Grossi warned that parts of the Zaporizhzhia nuclear plant that had been knocked out due to recent attacks risked an "unacceptable" potential radiation leak.
Ukraine’s state-run company operating the plant, Energoatom, said the area was struck five times on Thursday, including near the site where radioactive materials are stored.
Russia on Wednesday requested an urgent meeting of the UN Security Council concerning Ukraine’s continuous attacks on the Zaporizhzhia nuclear power plant, as both sides continue to blame each other for repeated shelling of the site.

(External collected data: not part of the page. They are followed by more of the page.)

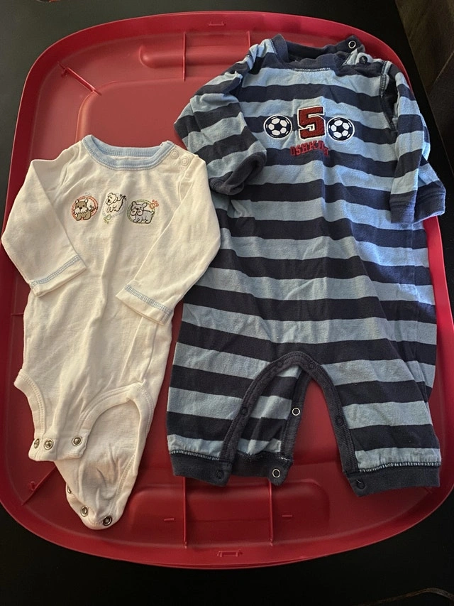These clothes have been well-cared for and are ready for a new home. I'm asking $10 for the set. Romper is 3-6 months, onesie is 3 months. Cash and cashless payments accepted. Curbside pickup only.
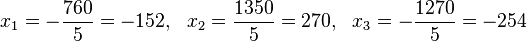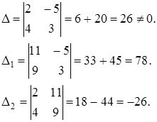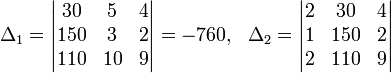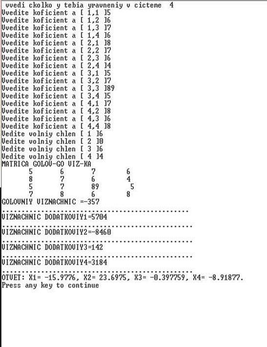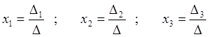 //далі знаходимо додаткові визначники і одразу ж невідомі системи
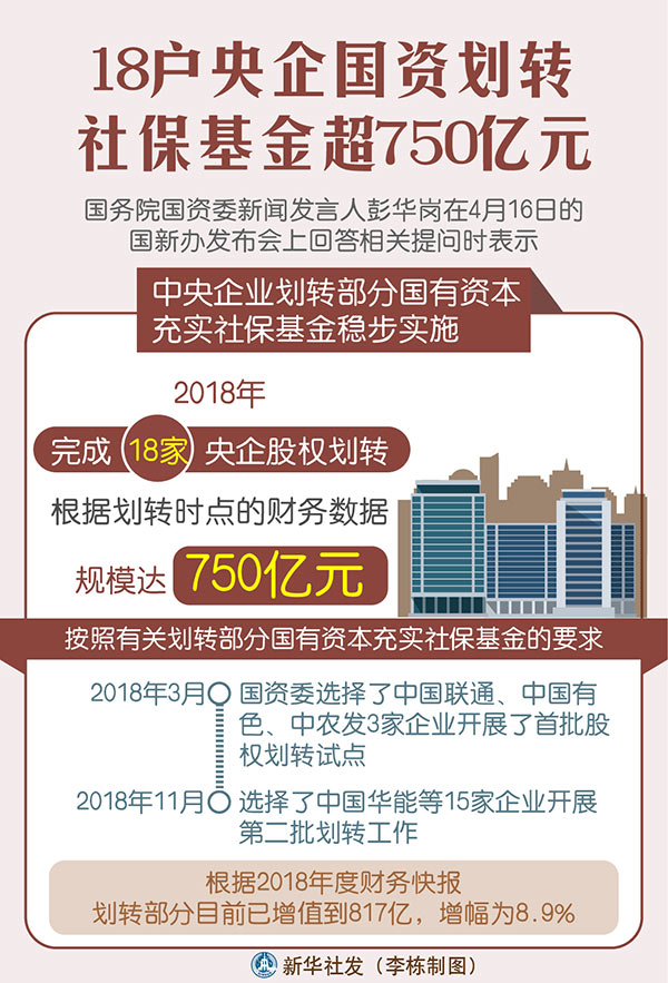 新華社北京4月16日電(記者王希)國務(wù)院國資委新聞發(fā)言人彭華崗16日說,中央企業(yè)劃轉(zhuǎn)部分國有資本充實社保基金穩(wěn)步實施,2018年完成18家央企股權(quán)劃轉(zhuǎn),根據(jù)劃轉(zhuǎn)時點的財務(wù)數(shù)據(jù),規(guī)模達750億元。
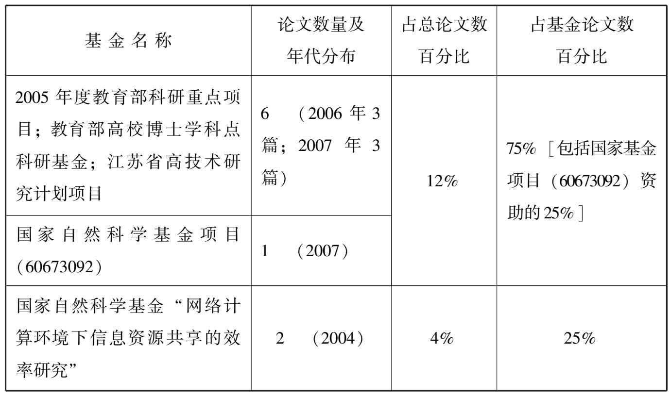 表 14 的数据表明:自 2004 年以来,隐蔽网络研究论文得到 5 项省部级基金支持。因国家自然科学基金项目(60673092)资助的 1 篇论文同时受到教育部科研重点项目、教育部高校博士学科点科研基金和江苏省高技术研究计划项目的资助,故基金资助项目实际上为 8 篇论文。从发文量看,得到基金资助的机构发文量多,其中教育部科研重点项目、教育部高校博士学科点科研基金和江苏省高技术研究计划项目资助的苏州大学智能信息处理及应用研究所的研究论文最多,共 6 篇,占基金论文数的 75%。
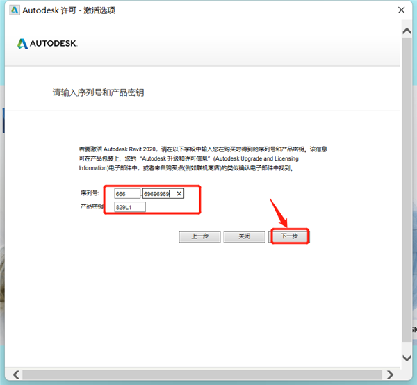 15、接着再次输入序列号【666-69696969】和产品密钥【829L1】,点击【下一步】按钮;
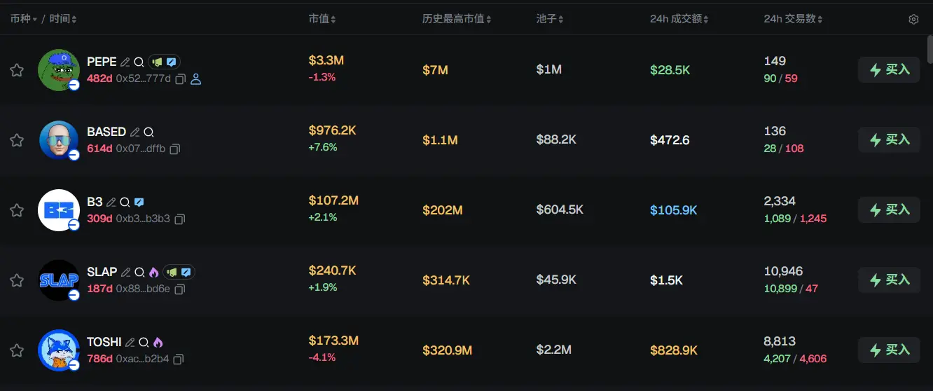 过去 24h Base 热门代币前五依次为:PEPE、BASED、B3、SLAP、TOSHI

Earlier, TASS reported that Russia had requested Grossi's participation.
Zaporizhzhia is the largest nuclear power plant in Europe and among the 10 largest in the world. Russian forces seized the plant soon after Moscow launched its ongoing military offensive in the ex-Soviet country on February 24. Both Ukraine and Russia accuse each other of targeting the facility.
On Monday, Kiev called for the establishment of a “demilitarized zone” around the nuclear power station in east Ukraine. The Kremlin, for its part, accused Ukrainian forces of firing on the plant, warning of potential “catastrophic consequences” for Europe.
Speaking at a press conference in Tokyo on Monday, UN Secretary-General Antonio Guterres warned that the nuclear confrontation risk is back after decades, calling on the nuclear-armed countries “to commit to the principle of non-first use.”
“Any attack to a nuclear plant is a suicidal thing. I hope that those attacks will end, and at the same time I hope that the IAEA will be able to access the plant,” Guterres said after a visit to Hiroshima over the weekend, where he gave a speech to mark the 77th anniversary of the world’s first nuclear bomb attack.